Vexingly, the album isn't available for listening on Spotify or Amazon, but you can watch Miceli deliver a live performance of "Vince Guaraldi" here. The Guaraldi vibe isn't exactly obvious, but I do detect the wistful quality of "Rain, Rain Go Away" and "Great Pumpkin Waltz."

This reminded me that I'd earlier written about the 2016 John Stowell/Michael Zilber Quartet album, Basement Blues, which includes an original composition titled "Have Yourself a Vince Guaraldi Xmas." Again, an obvious nod to Vince's work is hard to detect, although (as I said then) "faint suggestions of 'Christmas Time Is Here' hover throughout." You can investigate that here.

And this got me thinking...

Album tributes to Guaraldi's score for A Charlie Brown Christmas have become ubiquitous; I've most recently tabulated them here. All four of Guaraldi's original compositions from that TV special also have gotten heavy coverage, as has "Cast Your Fate to the Wind," which has become one of the most oft-covered anthems in the jazz pantheon.

But what about all of Guaraldi's other original compositions?

The Dan Dance Trio's 2003 album, Live at the PY, includes a reading of "Ginza Samba," which can be enjoyed here. Brad Myers and Michael Sharfe's 2016 album, Sanguinaria, features a tasty arrangement of "Great Pumpkin Waltz," which you'll find here. How 'Bout Now, a 1993 album by the Portland, Oregon, jazz trio Tall Jazz, features a sensational cover of "Red Baron." You'll have to take my word for that one, because the album is woefully out of print, and nowhere to be found online.
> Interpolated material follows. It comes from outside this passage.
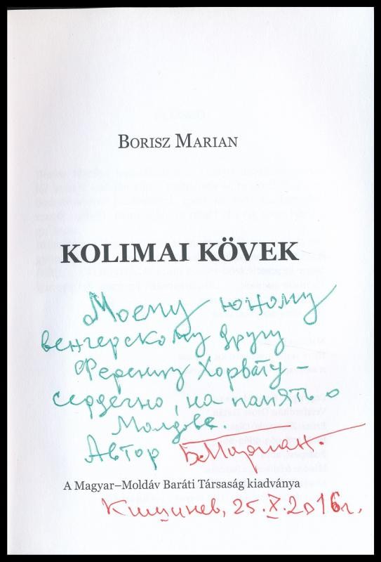 Borisz Marian: Kolimai kövek. Ford.: Orosz Zoltán. Bp., 2014, Magyar-M... https://www.darabanth.com/de/387-Fernauktion/387.0/Bucher/Bucher-Andere-kuriositaten~1000018/Borisz-Marian-Kolimai-kovek-Ford-Orosz-Zoltan-Bp-2014-Magyar-Moldav-Barati-Tarsasag-E~II2318099
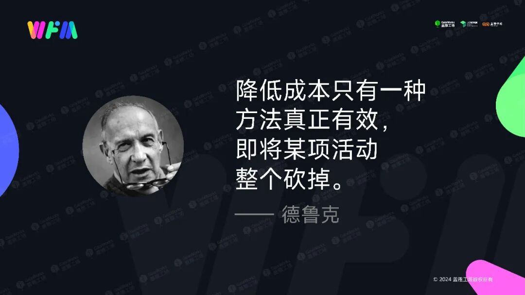 德鲁克先生1985年写了一本书叫《为成果而管理》,这本书把降本增效讲得非常透彻,在书里他讲了一句话,即成本只有一种,就是把活动给砍掉。因为砍掉某项活动效率就必然会提升,效率提升必然会降本,但是降本不一定会增效,降本的前提是要找到那个活动。未经审视的乱砍成本,直接砍下去可能就砍到了大动脉,本来可以赚钱获利的事情,因为降本反而盈利下降了,所以一定要理清楚要降的是什么本。

French horn player Aaron Brask led a jazz/string combo that covers a whopping 20 compositions on his 2010 album, The Guaraldi Sessions; samples are listenable here. (The instrumentation is unusual, to say the least, and the album doesn't exactly swing. But it's enjoyable nonetheless.) Northern California jazz pianist Terry Disley and his quartet cover five Guaraldi compositions, including "Treat Street" and "Peppermint Patty," on their 2011 album Brubeck Vs. Guaraldi; check his website for more information. And former Guaraldi drummer Jerry Granelli includes a cover of "Star Song" (along with "Cast Your Fate to the Wind" and "Christmas Time Is Here") on his 2020 album Plays Vince Guaraldi and Mose Allison, as I previously mentioned here.

So ... what else is Out There?

To quote the former (and dearly missed!) Los Angeles-based sci-fi radio talk show Hour 25, I'm calling on the Group Mind for some assistance, in order to compile a definitive — or at least, somewhat longer — list of Guaraldi covers. But there are some ground rules:

• Ignore "Cast Your Fate to the Wind" and the four Charlie Brown Christmas compositions ("Linus and Lucy," "Skating," "Christmas Is Coming" and "Christmas Time Is Here"). We're after the less common stuff.

• Ignore the efforts of Cal Tjader, George Winston and Davis Benoit. They're too easy.

• And while we're at it, are there any other Guaraldi tribute compositions, along the lines of the ones mentioned above by Tony Miceli and the Stowell/Zilber Quartet?

So c'mon, gang. Acknowledgement will be given, and I'll amend this blog entry — or prepare an entirely new one, if warranted — as the information rolls in.